Predicting Wins for Baseball Games
Abstract: Baseball is the great American past time. In this study we examine different aspects of baseball games to determine what factors play a role in predicting the winning team for a specific game or an entire season. To predict who is likely to win individual games, we consider factors such as each team’s offensive or defensive ability, batting line up, past game scores, and previous winning percentage. We will also model winning percentage of an overall season, based on offensive production, pitching, and defense. We use these models and computer simulations to examine how often the best team actually wins. Play ball!
Detecting Hotspots with Spatial Analysis
Abstract: The assessment and detection of areas with abnormally high incidents of rare cancers --- sometimes called hotspots --- is an important epidemiological function. Spatial analysis is useful in determining if there are clusters of high rates of rare diseases in a particular location. This type of analysis aims to determine if the rates of cancer are randomly dispersed or are clustered in uncommon ways. Using a data set of Leukemia rates in Upstate New York, I use spatial analysis to assess whether there are 'hotspots' present.

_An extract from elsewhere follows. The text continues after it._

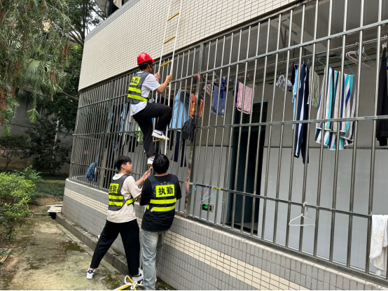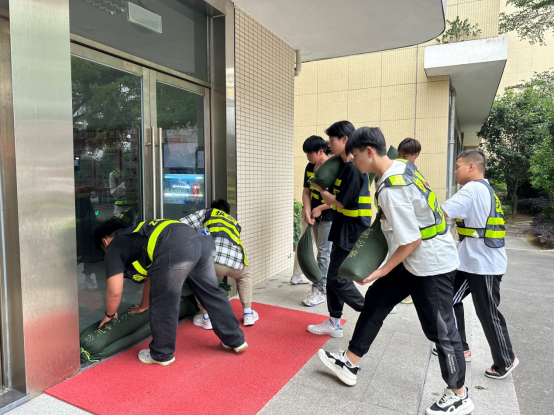演练前,学生科制定防汛应急疏散演练的实施方案,预设台风、强降雨直接冲进学生公寓,大量雨水漫灌进宿舍,学生被困公寓无法逃脱,严重威胁校园安全的紧急险情为处置场景,现场模拟突发灾情,进行了防汛抢险实战演练。

Investigating the convergence rate of sampling distributions from skewed populations
The Central Limit Theorem (CLT) states that the distribution of the sample mean of independent and identically distributed random variables converges to the normal distribution as the sample size increases. A common rule of thumb is to consider sample sizes greater than 30 as "large enough" samples to use the CLT as an approximation. However, the "large enough" depends on how non-normal the individual observations are distributed. Using the level of skewness as a measure of non-normality, this study investigates the normality of the distribution of sample means using Gamma distributed random variables with different levels of skewness. Various simulation techniques in R are used to test whether the use of the CLT is a good approximation for the distribution of the sample mean. As skewness increases, a larger sample is needed to use the CLT as a good approximation of the distribution of the sample mean. This study employs the Kolmogorov-Smirnov test to measure the normality of the distribution of sample means and looks at the coverage rate for large sample confidence intervals. The results from this study will helps us decide, for a given skewness level and sample size, when it is appropriate to use the CLT or if alternative methods (such as the bootstrap) are needed.
Exploring Markov Chain Monte Carlo Techniques
Abstract: Markov Chain Monte Carlo (MCMC) methods are powerful algorithms that enable statisticians to explore information about probability distributions through computer simulations when exact theoretical methods are not feasible. The Gibbs Sampler, for example, allows us to gather information about marginal and joint distributions of multivariate densities assuming that we know information about the conditional distributions. Of particular interest is the use of MCMC methods in Bayesian statistics to help estimate posterior distributions. In this talk we illustrate several uses of MCMC methods through computer simulation and applications to real data.
Sam Vandervelde, SLU Faculty
Euler, Partitions and Triangular Numbers
A theorem of Euler asserts that there are as many partitions of n into distinct parts as there are partitions into odd parts. But this result falls apart when one attempts to involve even numbers… or does it? In this talk we will examine Euler's famous result and discover how triangular numbers come to the rescue for partitions involving even numbers. In particular, we will establish a new companion result, which states that the number of partitions of n into distinct parts is also equal to the number of partitions of n into even parts along with exactly one triangular part.